→ WORK REQUIRED
Copy out each entry below verbatim, skipping the images.

→ EXERCISE INPUT
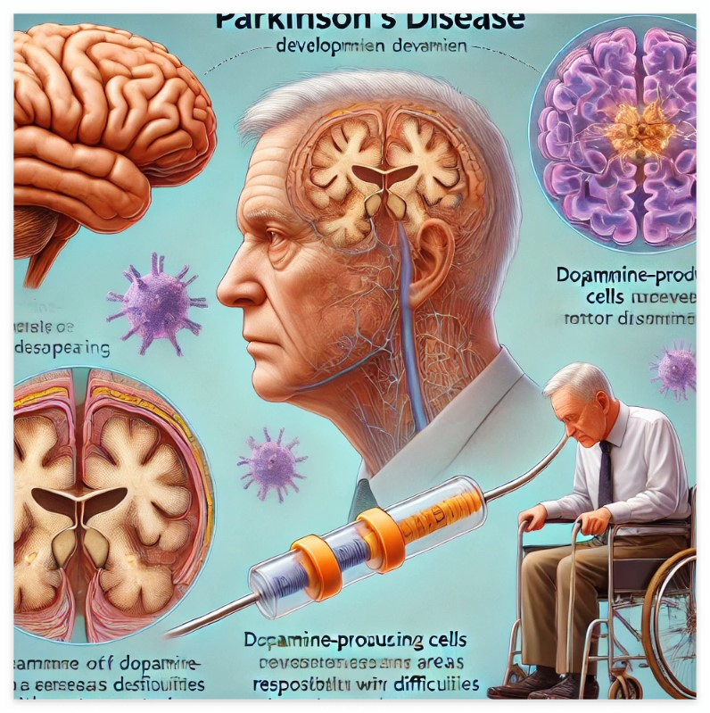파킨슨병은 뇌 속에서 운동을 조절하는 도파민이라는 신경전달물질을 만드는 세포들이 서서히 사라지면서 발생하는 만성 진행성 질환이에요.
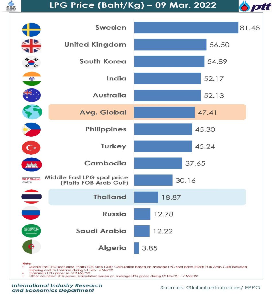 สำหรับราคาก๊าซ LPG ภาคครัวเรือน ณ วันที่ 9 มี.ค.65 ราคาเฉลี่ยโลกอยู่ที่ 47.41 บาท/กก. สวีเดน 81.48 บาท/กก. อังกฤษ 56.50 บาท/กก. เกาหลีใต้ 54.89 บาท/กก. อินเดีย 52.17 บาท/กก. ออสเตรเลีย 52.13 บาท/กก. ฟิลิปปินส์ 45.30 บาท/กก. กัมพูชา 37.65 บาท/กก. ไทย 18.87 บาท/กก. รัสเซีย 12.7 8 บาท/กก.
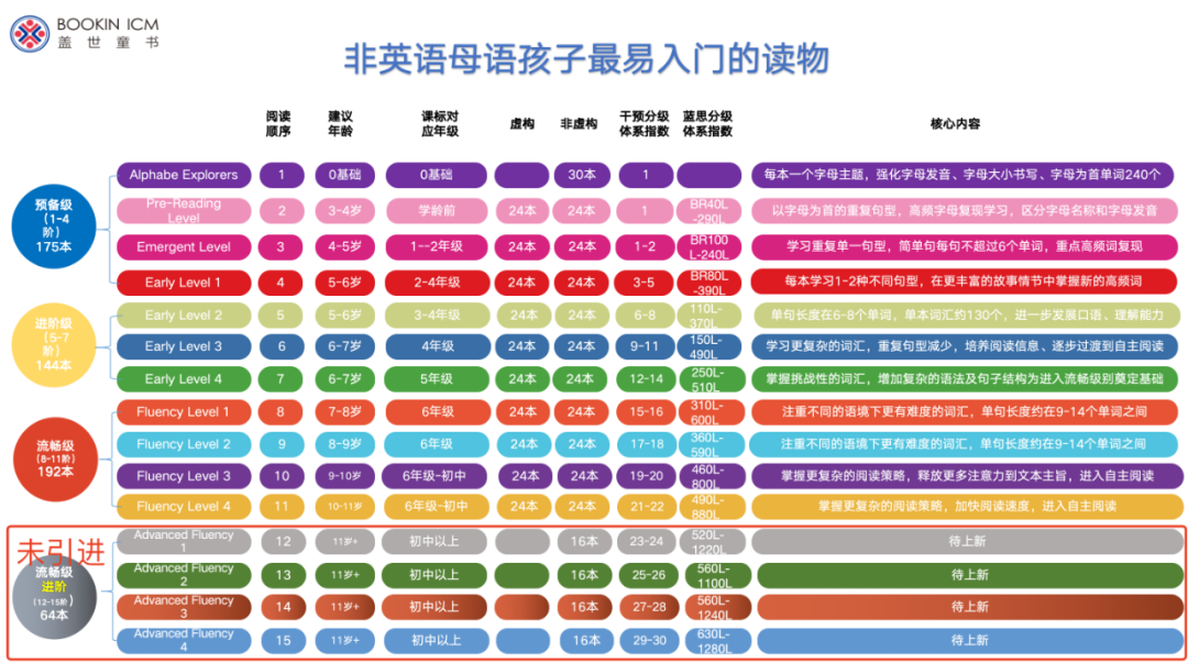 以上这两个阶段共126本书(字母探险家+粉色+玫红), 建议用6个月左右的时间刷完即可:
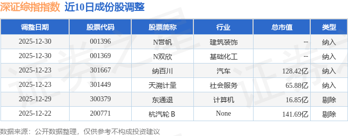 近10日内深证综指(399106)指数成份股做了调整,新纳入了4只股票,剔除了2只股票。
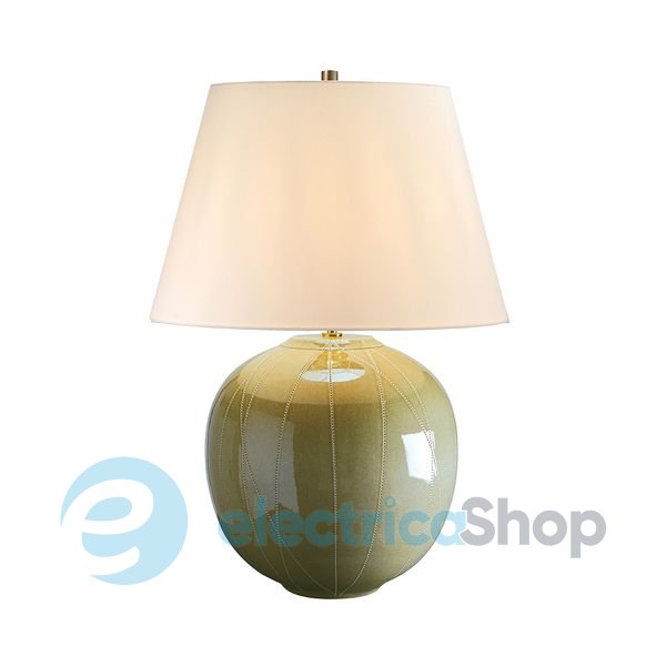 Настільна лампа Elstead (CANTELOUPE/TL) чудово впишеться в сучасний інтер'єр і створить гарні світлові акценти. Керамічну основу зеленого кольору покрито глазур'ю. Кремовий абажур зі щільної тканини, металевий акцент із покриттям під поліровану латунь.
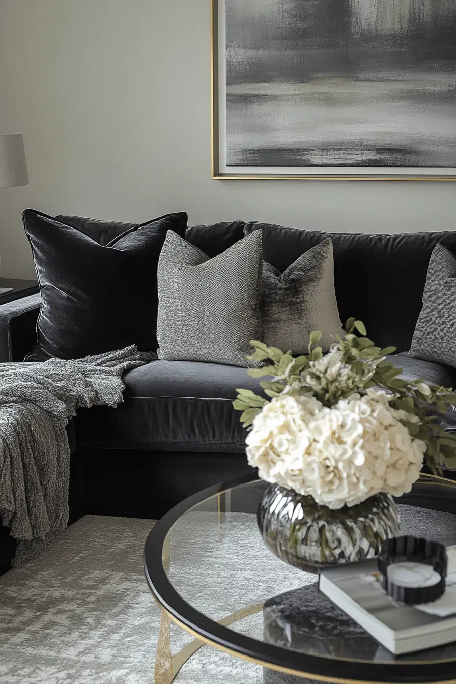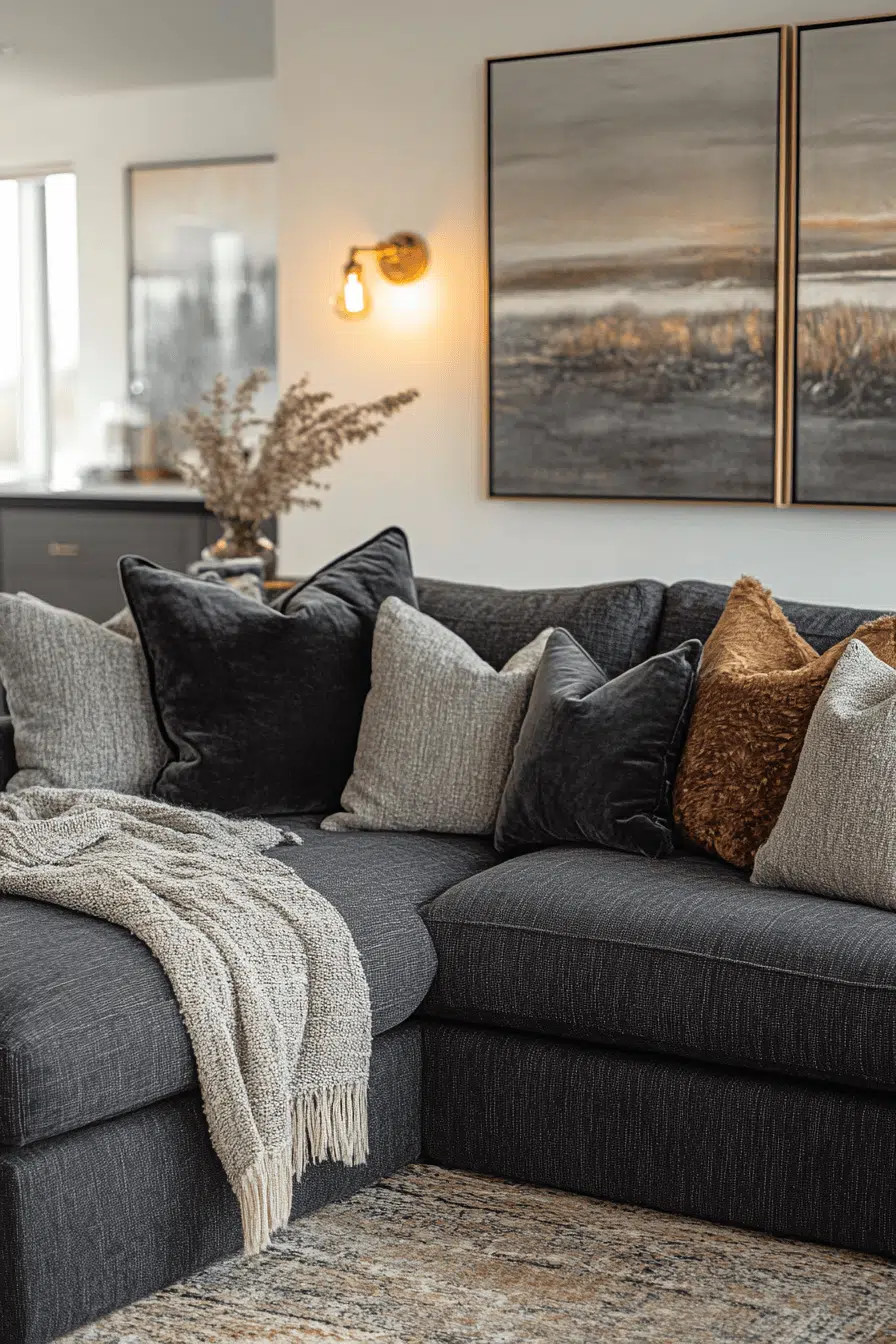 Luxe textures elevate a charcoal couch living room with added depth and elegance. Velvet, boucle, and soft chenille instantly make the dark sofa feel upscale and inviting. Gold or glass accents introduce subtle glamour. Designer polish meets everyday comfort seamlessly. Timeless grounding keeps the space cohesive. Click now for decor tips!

→ REPLY
파킨슨병은 뇌 속에서 운동을 조절하는 도파민이라는 신경전달물질을 만드는 세포들이 서서히 사라지면서 발생하는 만성 진행성 질환이에요.
 สำหรับราคาก๊าซ LPG ภาคครัวเรือน ณ วันที่ 9 มี.ค.65 ราคาเฉลี่ยโลกอยู่ที่ 47.41 บาท/กก. สวีเดน 81.48 บาท/กก. อังกฤษ 56.50 บาท/กก. เกาหลีใต้ 54.89 บาท/กก. อินเดีย 52.17 บาท/กก. ออสเตรเลีย 52.13 บาท/กก. ฟิลิปปินส์ 45.30 บาท/กก. กัมพูชา 37.65 บาท/กก. ไทย 18.87 บาท/กก. รัสเซีย 12.7 8 บาท/กก.
 以上这两个阶段共126本书(字母探险家+粉色+玫红), 建议用6个月左右的时间刷完即可:
 近10日内深证综指(399106)指数成份股做了调整,新纳入了4只股票,剔除了2只股票。
 Настільна лампа Elstead (CANTELOUPE/TL) чудово впишеться в сучасний інтер'єр і створить гарні світлові акценти. Керамічну основу зеленого кольору покрито глазур'ю. Кремовий абажур зі щільної тканини, металевий акцент із покриттям під поліровану латунь.
 Luxe textures elevate a charcoal couch living room with added depth and elegance. Velvet, boucle, and soft chenille instantly make the dark sofa feel upscale and inviting. Gold or glass accents introduce subtle glamour. Designer polish meets everyday comfort seamlessly. Timeless grounding keeps the space cohesive. Click now for decor tips!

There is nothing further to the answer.